Funeral Processions are Dying

by J-Touchette

To find out what the rules are in your town or city, talk to your funeral director who will be familiar with the rules.

Funeral processions are a time-honored tradition, and as a show of respect, other motorists pull over and stop on the sides of roads to honor the dead. A procession doesn’t need to obey traffic laws and can run red lights. They always have a police escort.

Sorry, that’s a description of several years ago. Now it seems, police departments across the US are not giving escorts to these funeral goers. The police forces no longer have the money to participate due to the economic problems the country is having. In addition, small towns don’t have forces large enough to accommodate every funeral.

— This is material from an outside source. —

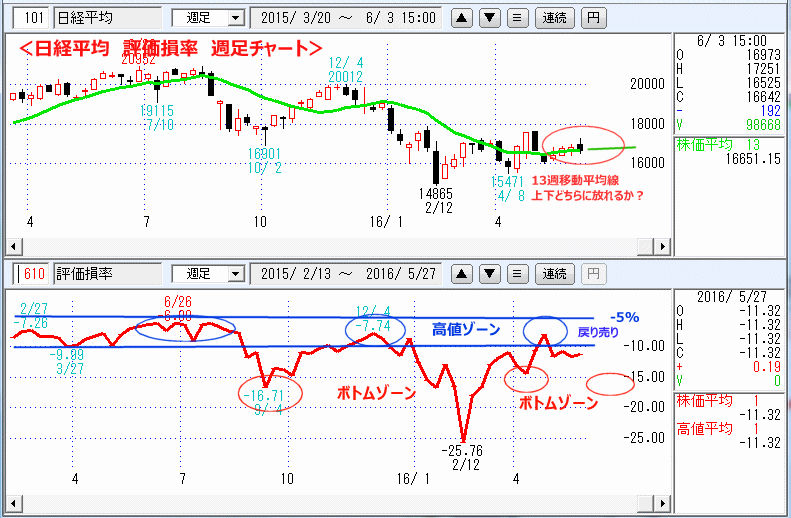 6月入りからの下落を見れば、4月から5月の「610」評価損率(5/13)-8%から-10%の水準が戻り高値であった事がわかります。(5/20)-11%→5月(27)-11%の水準を維持したが、-10%前後は高値ゾーンと言えます。今週の下落を見れば高値圏であった事がわかります。-10%から-5%の範囲は戻り売りゾーンです。

Some police have begun to charge for funerals, the price is around $150 per escort, and each escort comes with two cars. Some cities have even declared that all members of a procession must obey all traffic laws, which has led to a huge decrease in the tradition. Most police are still providing escorts to fallen officers, fire fighters and soldiers who have been killed in the line of duty. A concession is also usually made for unusually large funerals, where there is a danger to public safety that would require the presence of an officer.

The police may not be providing many escorts anymore, but some funeral homes are providing their own. Unfortunately courts have ruled that police or funeral home leading a procession may be liable for any accidents that occur during the drive, and that has some funeral homes hesitating.